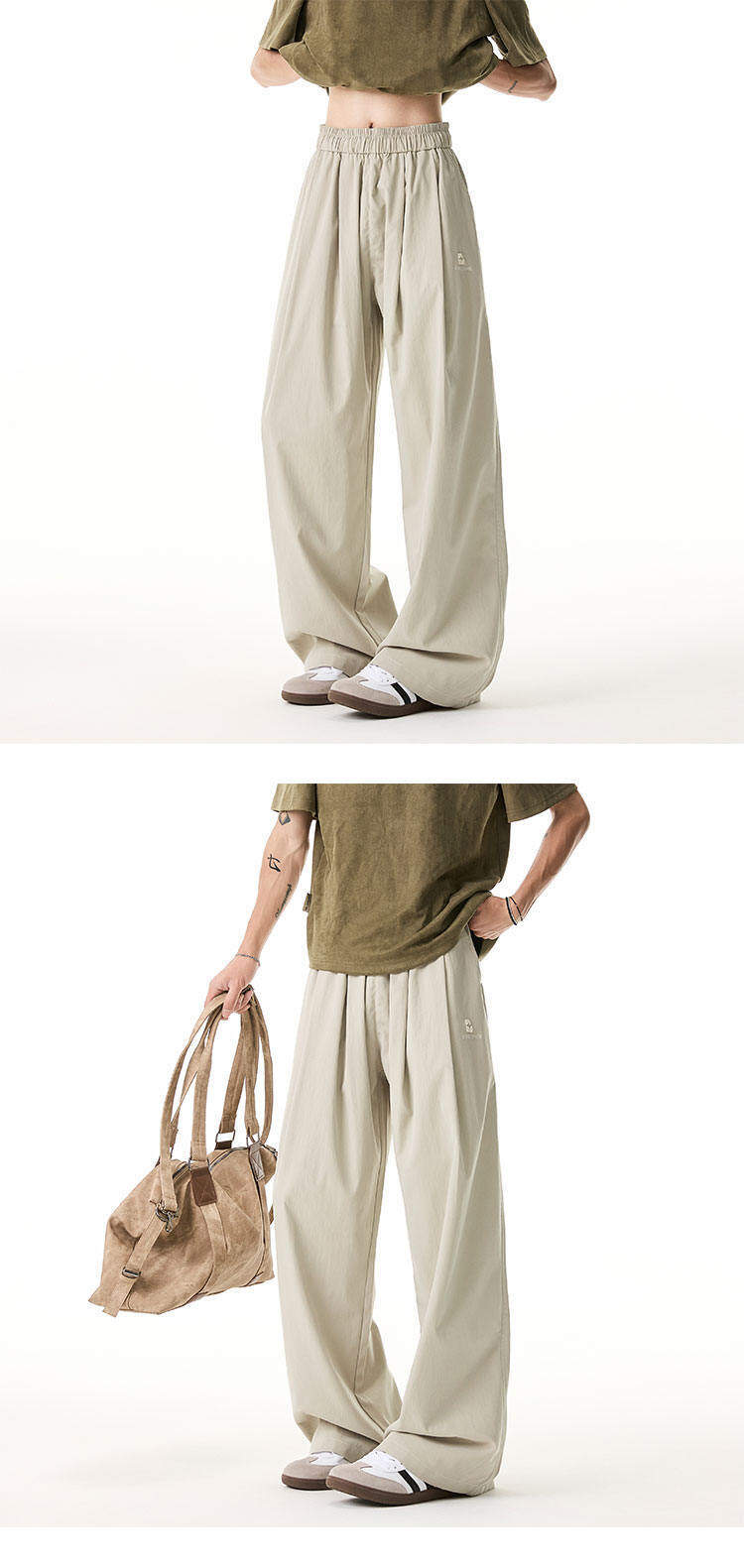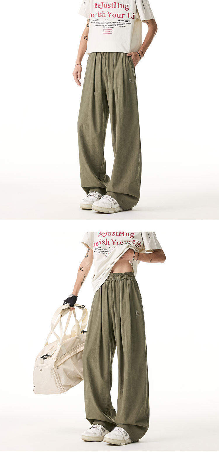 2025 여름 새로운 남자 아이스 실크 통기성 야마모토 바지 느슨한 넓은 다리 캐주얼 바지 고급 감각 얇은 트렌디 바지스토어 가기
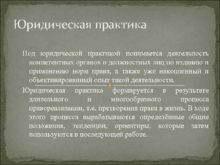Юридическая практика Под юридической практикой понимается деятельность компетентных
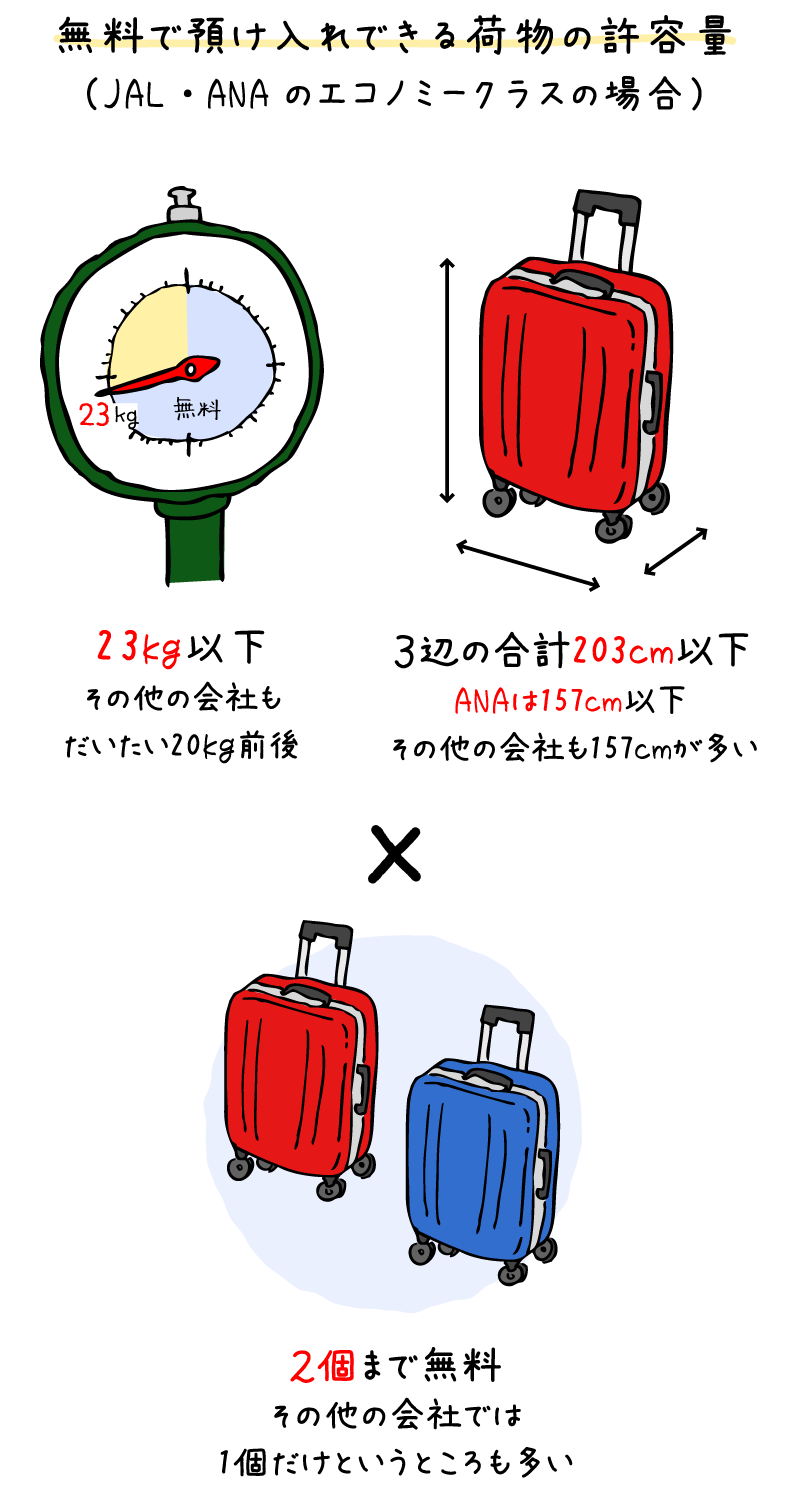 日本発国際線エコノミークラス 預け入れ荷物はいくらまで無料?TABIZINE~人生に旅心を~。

• _Task prompt_: Leave the pictures out and copy exactly the lines from the one that holds "Юридическая практика Под" through the last line of the material.

• _Your response_:
Юридическая практика Под юридической практикой понимается деятельность компетентных
 日本発国際線エコノミークラス 預け入れ荷物はいくらまで無料?TABIZINE~人生に旅心を~。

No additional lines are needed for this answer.